### [WHAT TO PRODUCE]
Reproduce all of the data below without alteration; exclude every picture.

### [DATASET CONTENT]

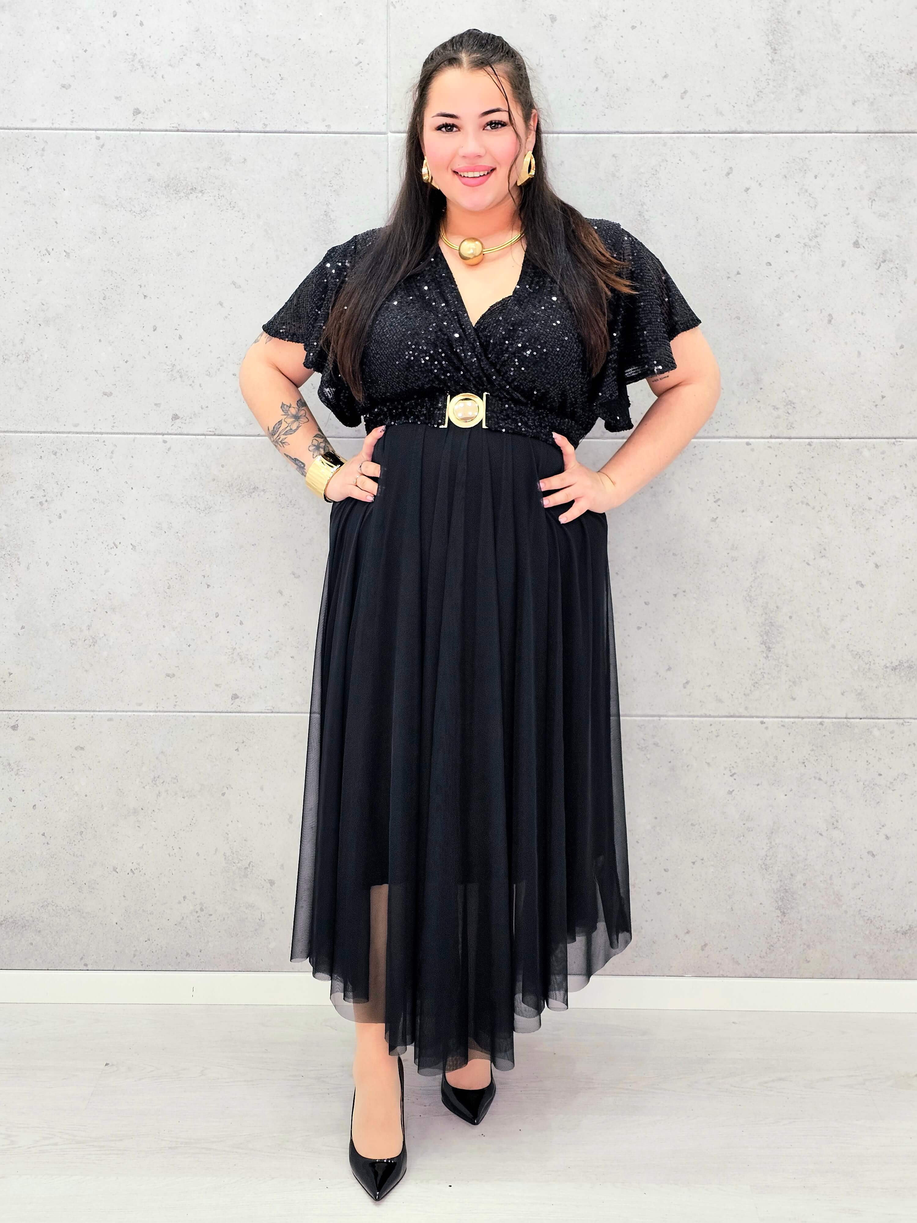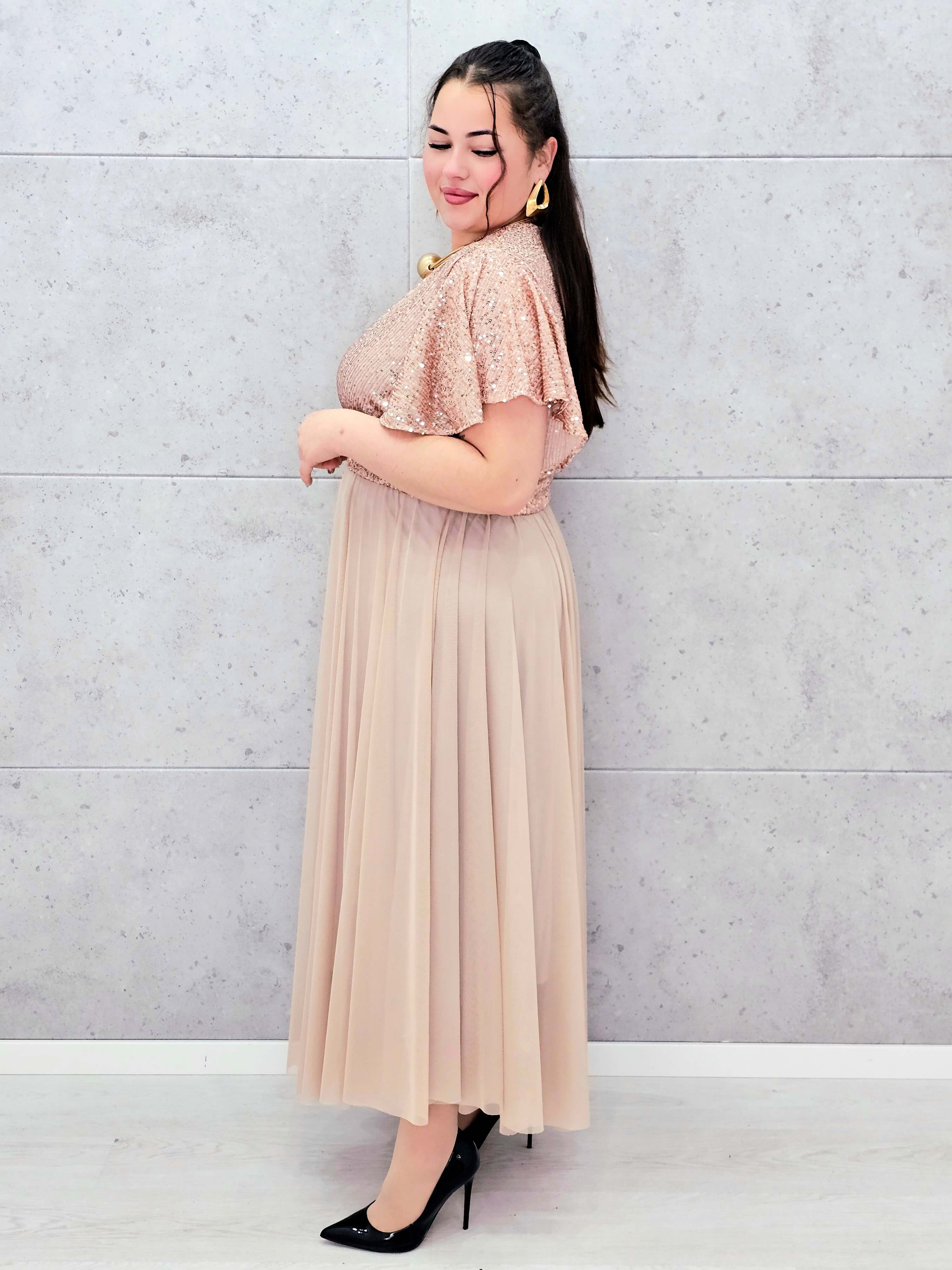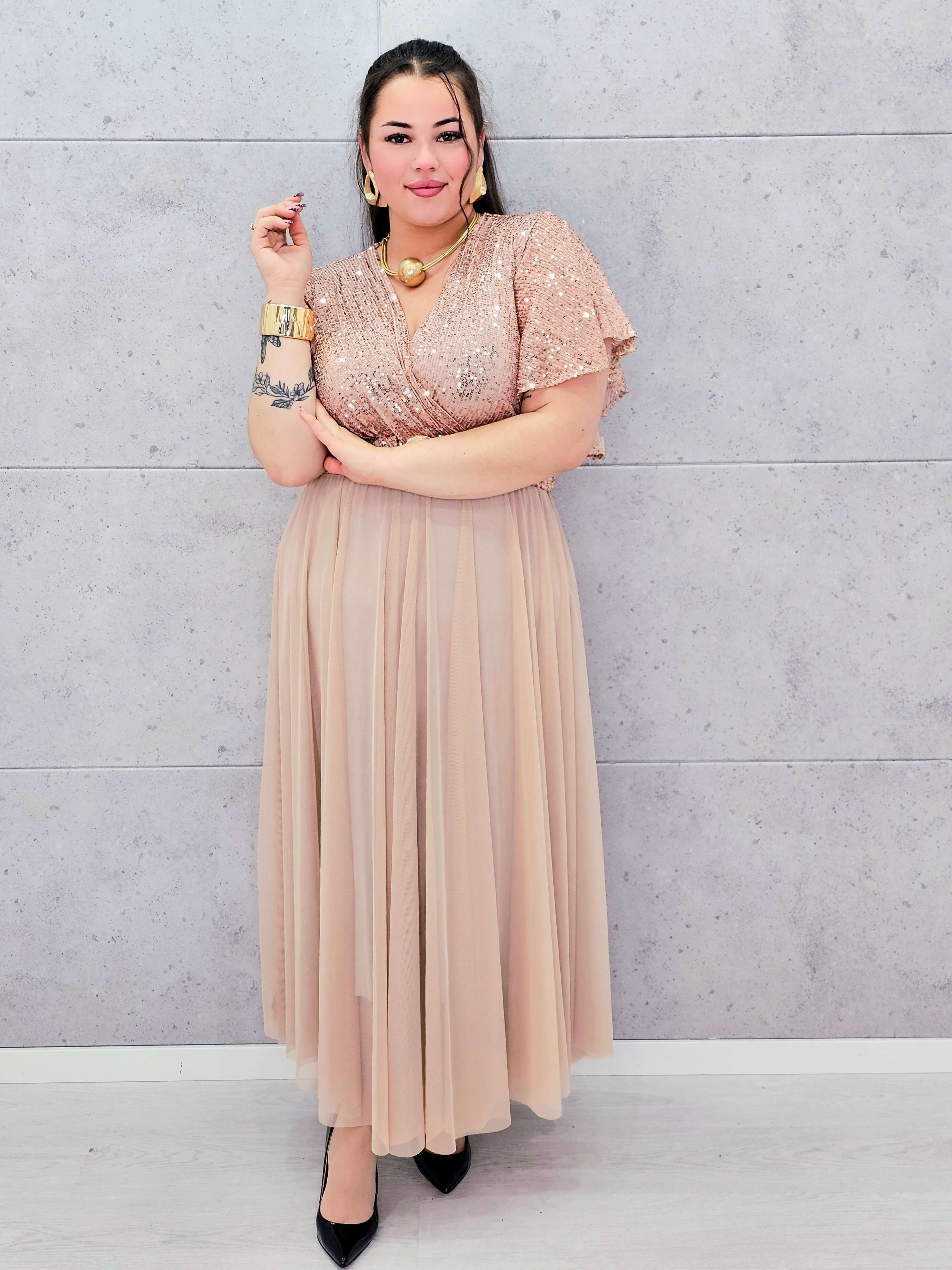 Elegancka sukienka XXL z cekinową górą i plisowanym dołem – wyjątkowa kolekcja plus size
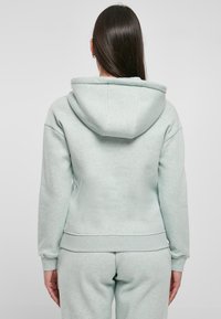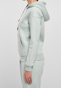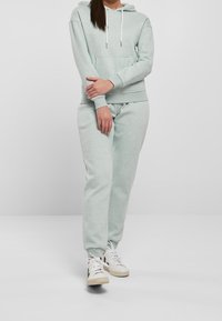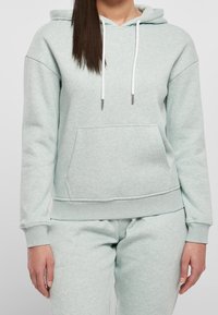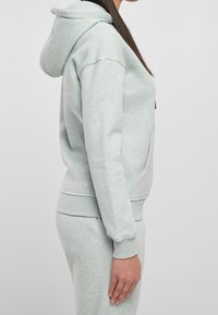 Personne portant un sweat à capuche gris clair et un pantalon de survêtement assorti, debout avec les bras détendus le long du corps devant un fond uni.
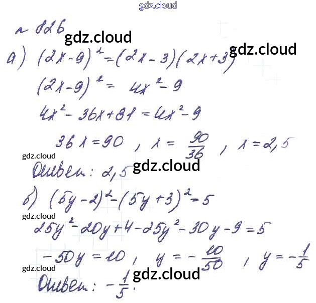 Ответ на задание 826 Учебник Алгебра  за 7 (седьмой) класс Макарычев, Миндюк, Нешков, Феоктистов УМК Углубленный уровень 2013
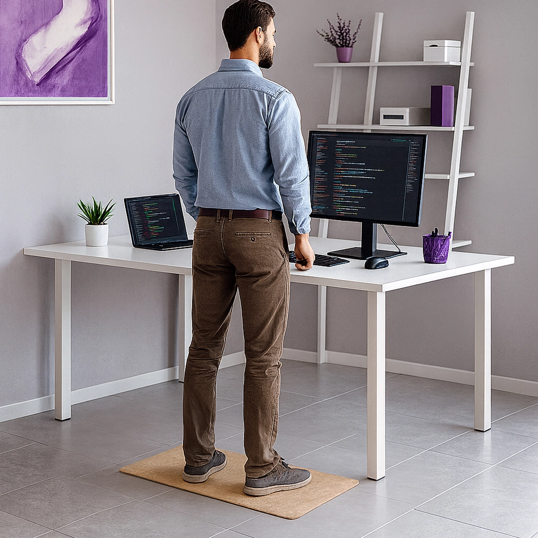 Długie stanie potrafi mocno obciążyć stawy, mięśnie i kręgosłup, powodując narastający dyskomfort w ciągu dnia. Ta mata została zaprojektowana tak, aby realnie odciążyć Twoje ciało poprzez skuteczne pochłanianie nacisku i mikrowstrząsów. Jej struktura pracuje razem z Tobą — ugina się tam, gdzie powinna, a jednocześnie stabilizuje postawę, wspierając naturalne ułożenie nóg. Dzięki temu zyskujesz więcej energii, mniejszą sztywność mięśni i wyraźnie lepsze samopoczucie podczas długiego stania. To rozwiązanie stworzone dla osób, które chcą dbać o komfort i zdrowie każdego dnia. Amortyzacja premium chroniąca stawy sprawia, że Twoje ciało naprawdę ma lżej.

### [EXERCISE SOLUTION]
 Elegancka sukienka XXL z cekinową górą i plisowanym dołem – wyjątkowa kolekcja plus size
 Personne portant un sweat à capuche gris clair et un pantalon de survêtement assorti, debout avec les bras détendus le long du corps devant un fond uni.
 Ответ на задание 826 Учебник Алгебра  за 7 (седьмой) класс Макарычев, Миндюк, Нешков, Феоктистов УМК Углубленный уровень 2013
 Długie stanie potrafi mocno obciążyć stawy, mięśnie i kręgosłup, powodując narastający dyskomfort w ciągu dnia. Ta mata została zaprojektowana tak, aby realnie odciążyć Twoje ciało poprzez skuteczne pochłanianie nacisku i mikrowstrząsów. Jej struktura pracuje razem z Tobą — ugina się tam, gdzie powinna, a jednocześnie stabilizuje postawę, wspierając naturalne ułożenie nóg. Dzięki temu zyskujesz więcej energii, mniejszą sztywność mięśni i wyraźnie lepsze samopoczucie podczas długiego stania. To rozwiązanie stworzone dla osób, które chcą dbać o komfort i zdrowie każdego dnia. Amortyzacja premium chroniąca stawy sprawia, że Twoje ciało naprawdę ma lżej.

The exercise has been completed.